Closed sullivancolin closed 1 year ago

sullivancolin commented 1 year ago

This project is great!

I was able to get the dask version to run relatively well by making a small tweak to the way the data is read in. But that might violate the spirit of your bakeoff.

I changed:

df = dd.read_parquet(dataset, index=False)

to

df = dd.read_parquet(dataset, index=False, columns=["station_id", "num_bikes_available"])

This allows dask to only read in the columns needed for the groupby().mean() and run much quicker. But again, that's probably not obvious to typical pandas users and therefore maybe a bit of a cheat.

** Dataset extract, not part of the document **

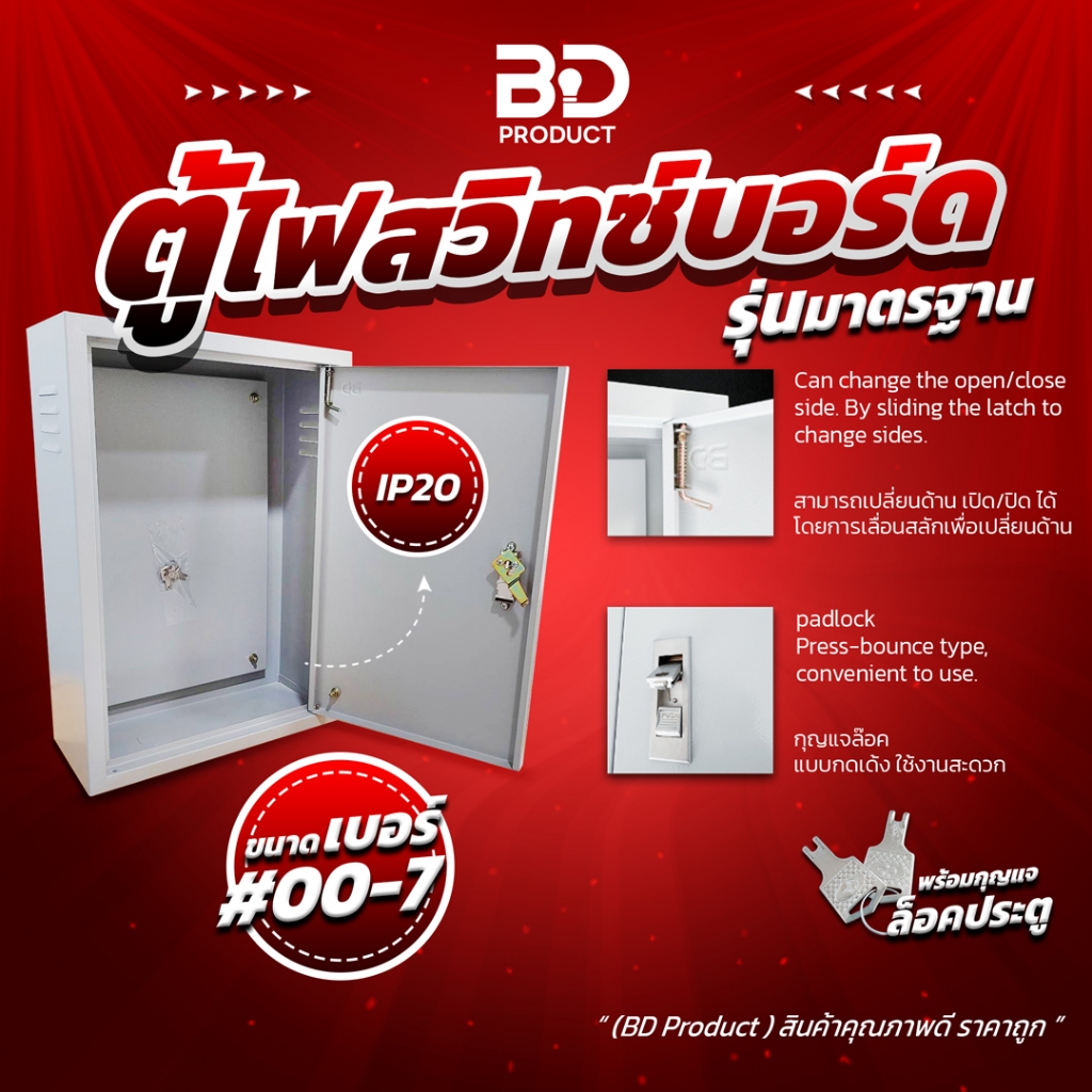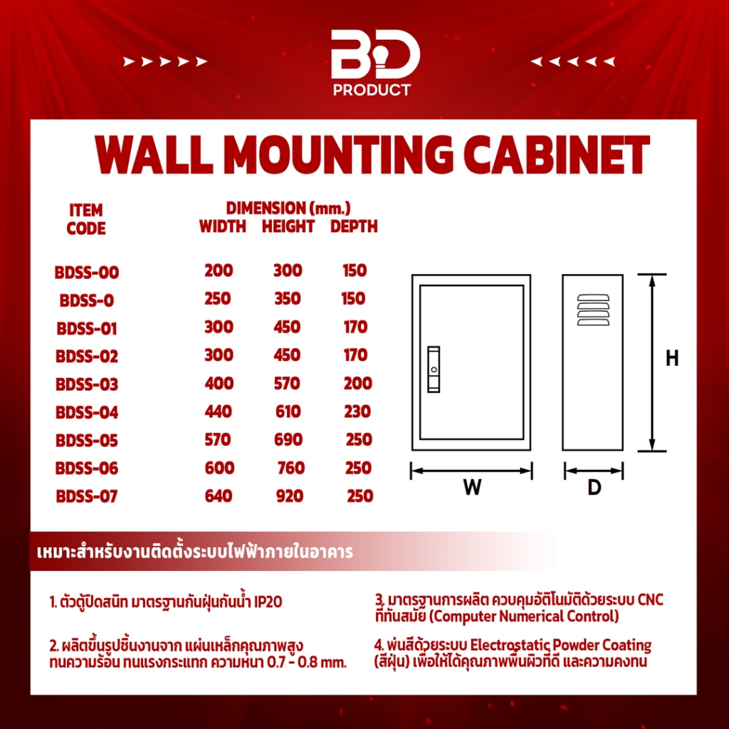 🎈 ตู้ไฟสวิทซ์บอร์ด ตู้เหล็ก งานไฟฟ้า ขนาดมาตรฐาน IP20 รุ่น BDSS แบบธรรมดา (พร้อมกุญแจล็อคตู้)

I also added modin and dask on ray as experiments. I can submit a PR if you would like these to be included. I have not yet tried modin in dask.

Here is the rough benchmark I ended up with:

benchmark_50

Let me know your feedback!

EthanRosenthal commented 1 year ago

Awesome!

I do agree that the dask optimization maaaayyyy be a bit cheating. That said, I do like being able to once again see its performance on the plot. I'll add it in and add it into the bakeoff but mark it as dask* with an explanation in the readme about this cheat.

In terms of modin and dask on ray, a PR would be very welcome! I tried messing around with modin on ray last night but ran into some issues running it on my machine. We'll see if this is a "my machine" thing or if your implementation fixes my issues.